Between the Upper Mantle and Lower Mantle is an transition layer (asthenosphere) that is approximately 270Km in thickness. Below the transition layer begins the Lower Mantle that extends from 670Km to 2900Km in depth. The lower layer of the mantle contains more than half the planet’s volume. It is hot and dense.
The Outer Core is made of liquid iron and nickel and estimated at 1,400 miles (2,300 km) thick. It is very hot.
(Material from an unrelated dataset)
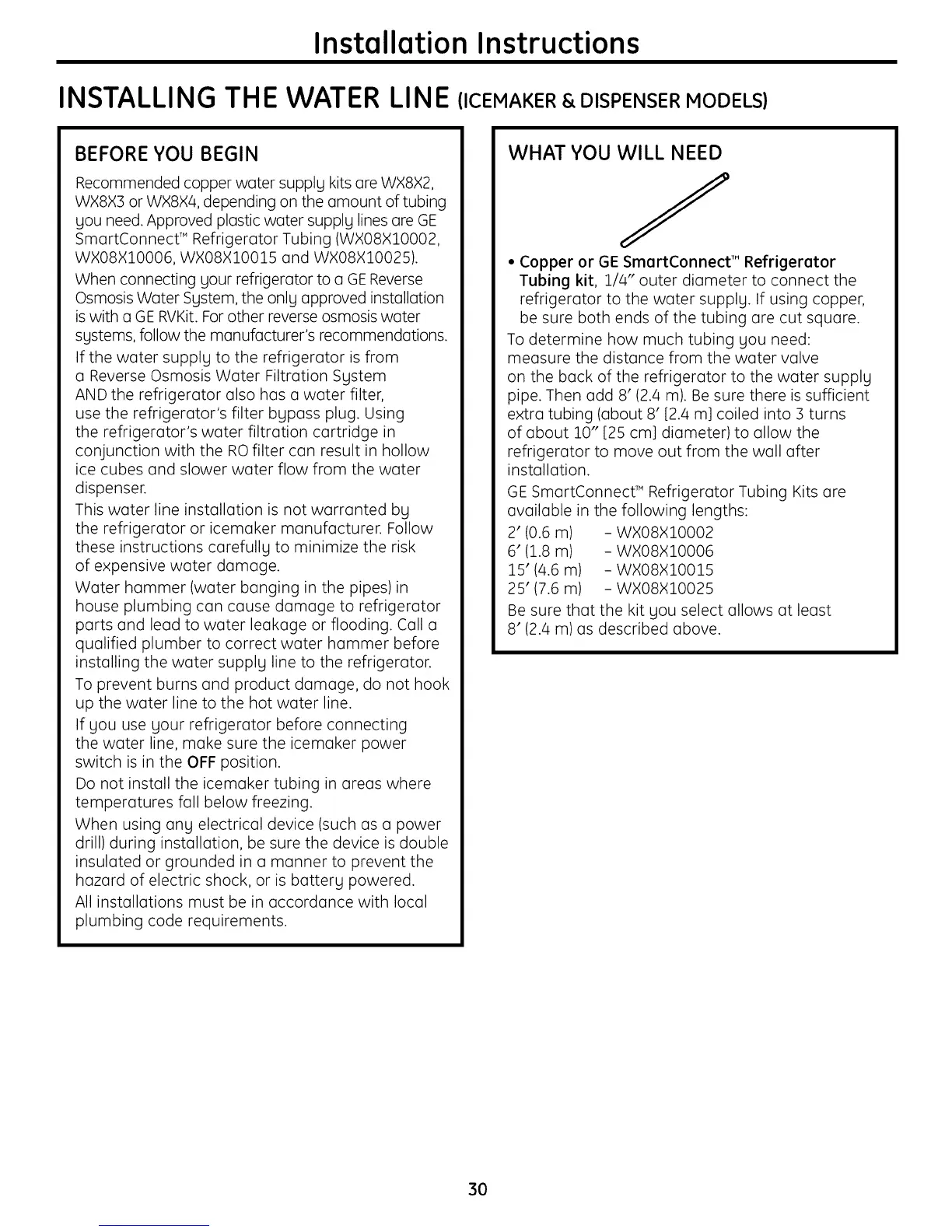 SmartConnect TMRefrigerator Tubing (WXO8XIO002,

The iron inner core is just over two-thirds of the size of the moon and as hot as the surface of the sun. Scientists believe it is solid due to the immense pressure on it from above.
PANGEA
Pangea was a supercontinent that existed in early geologic time, uniting nearly all of Earth’s landmasses. Its existence was first proposed in 1912 by German meteorologist Alfred Wegener. Pangea was surrounded by a vast ocean called Panthalassa. Around 200 million years ago, tectonic forces began to break it apart. This process, known as continental drift, gradually separated the land into the distinct continents and oceans we recognize today.
TECTONIC FORCES
Earth’s surface is made up of solid rock divided into massive sections called tectonic plates. These plates float on the semi-molten layer of the mantle below, moving constantly,but very slowly due to heat-driven convection currents inside the Earth. As hot material rises and cooler material sinks, it drives the plates to shift, collide, pull apart, or slide past one another. When plates meet, one may slip beneath the other in a process called subduction, or they may crumple together to form towering mountain ranges. These movements can trigger earthquakes, create volcanoes, and gradually reshape the landscape.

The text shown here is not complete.